On ultrasound, ACUMs are visualised as cavitated lesion with a myometrial mantle and echogenic contents seen in the antero-lateral wall of the myometrium or within the broad ligament (Figure 3). While the myometrial mantle will likely be of similar echotexture to the surrounding myometrium, the concentric orientation of its muscle fibres means that it can be clearly distinguished from it. The endometrial lining will often be visible. The fluid within the cavity should be echogenic and is most often seen as being of “ground glass” echogenicity, equivalent to the altered blood content seen in endometriomas. The contents have also been reported as hyperechogenic.

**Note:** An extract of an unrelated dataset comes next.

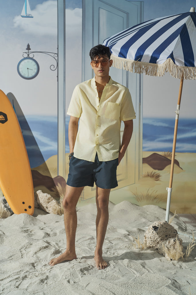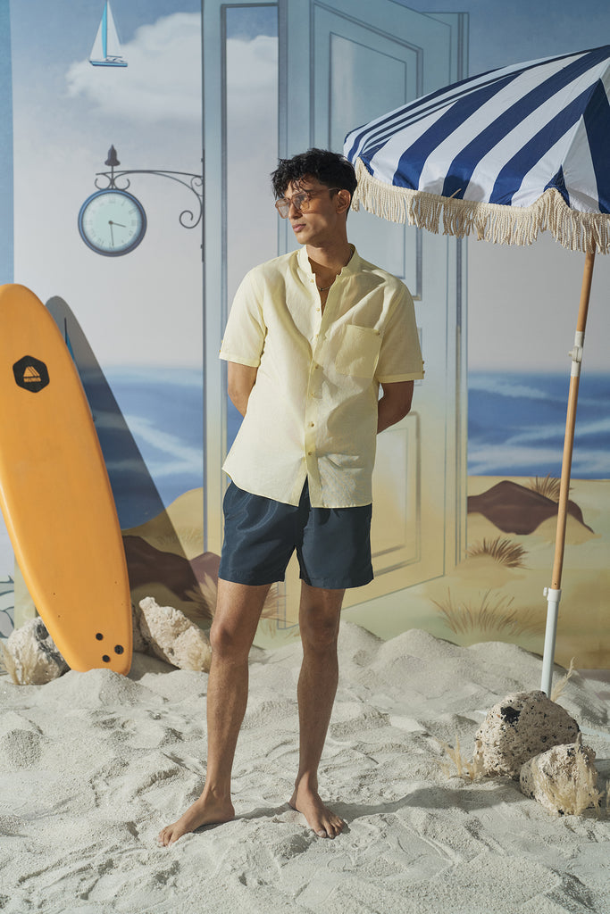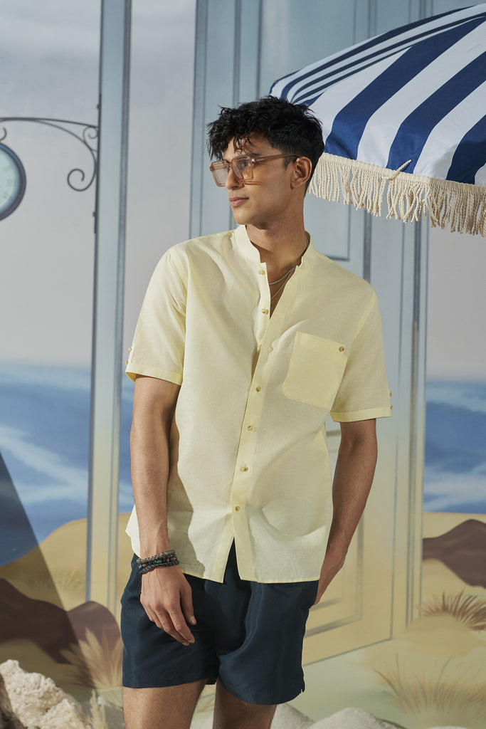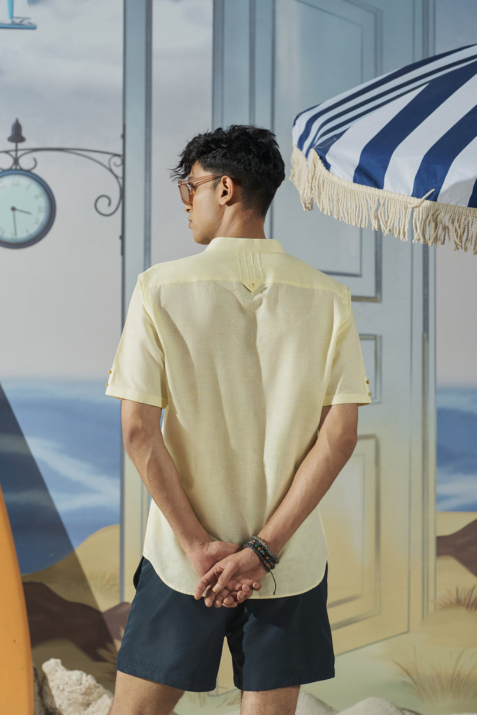 Easy days, done right. Cut from lightweight linen, this half-sleeve resort shirt brings together casual ease and quiet polish. A relaxed Mandarin collar, a sharp slant pocket, and a breezy silhouette make it perfect for sun-soaked days and slow weekends. Clean, unfussy, and designed to move with you

3D ultrasound can also be useful in confirming the diagnosis, although it can be difficult to get a single clear image of both the uterine cavity and the ACUM within it, because they are rarely in the same plane. Coronal 3D ultrasound image should reveal a circular cavity adjacent to the otherwise normal uterine cavity with no communication between the two cavities (Figure 4). 3D ultrasound is also crucial to excluding other uterine anomalies, and so in women with ACUMs, the main uterine cavity will be visible with both uterine horns.

Key point

• In expert hands, the diagnosis of ACUM can confidently be made on transvaginal or transrectal ultrasound.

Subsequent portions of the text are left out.